A few things heard and overheard in the hallways, walkways, and byways of the fall ERE conference in Chicago, or floating around the Internet and social media last week:
- Recroup has been used to make a hire for the first time, by the Royal Bank of Canada. Recroup (whose current offering is explained here) is aiming to move into the business of social-media aggregation (which includes some of the companies mentioned here). But, unlike some other social-media aggregators, Recroup would like to handle all jobs, not focus just on IT. It’d also like to partner with jobboards, placing an API on their sites.
- Remember those “pay-per-applicant” ads I mentioned in the spring? The CEO, Chris Forman, of the company behind them, AppCast, says the company is “exploding” with growth.
- How about Goood Job: remember them? (No, that’s not a misspelling; that’s how the company does it.) While some competitors in the referral-technology genre have gone bye-bye, this one has not. EMC (in India) and Fidelity (in London) are among the companies that have recently signed on with Goood Job.
- You may know that Glassdoor hired Will Staney, previously at SAP/SuccessFactors, as a talent-acquisition leader. You may not know it’s bringing on Mariah Deleon as VP of people. Meanwhile, it’s readying a launch of a new feature on its website (more info coming on ERE.net), and in one of the talent-acquisition field’s worst-kept secrets, is working on an IPO.
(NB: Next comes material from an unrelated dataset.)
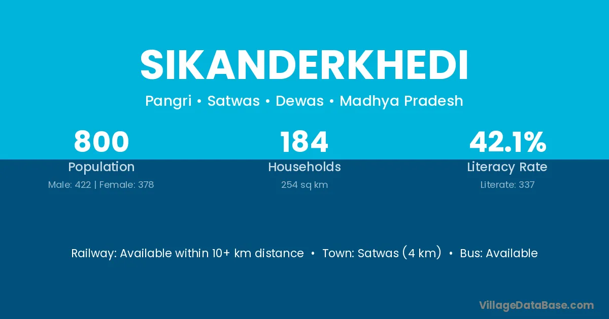 Sikanderkhedi village has a total population of 800 people, of which 422 are males and 378 are females.

- One startup you may not know: Toronto-based Ideal Candidate, matching salespeople with employers. Job seekers and top performers already on the payroll take a 20-minute assessment to measure compatibility. It’s another company in that social-job-matching genre that Charles Handler, who’s moderating a session Thursday about employee assessments, recently wrote about.
- Another startup I’ve heard about recently: Coffee. It’s an app (see FAQs) for entry-level job candidates, employees, and interns to meet hiring managers, company founders, and other job seekers and employees.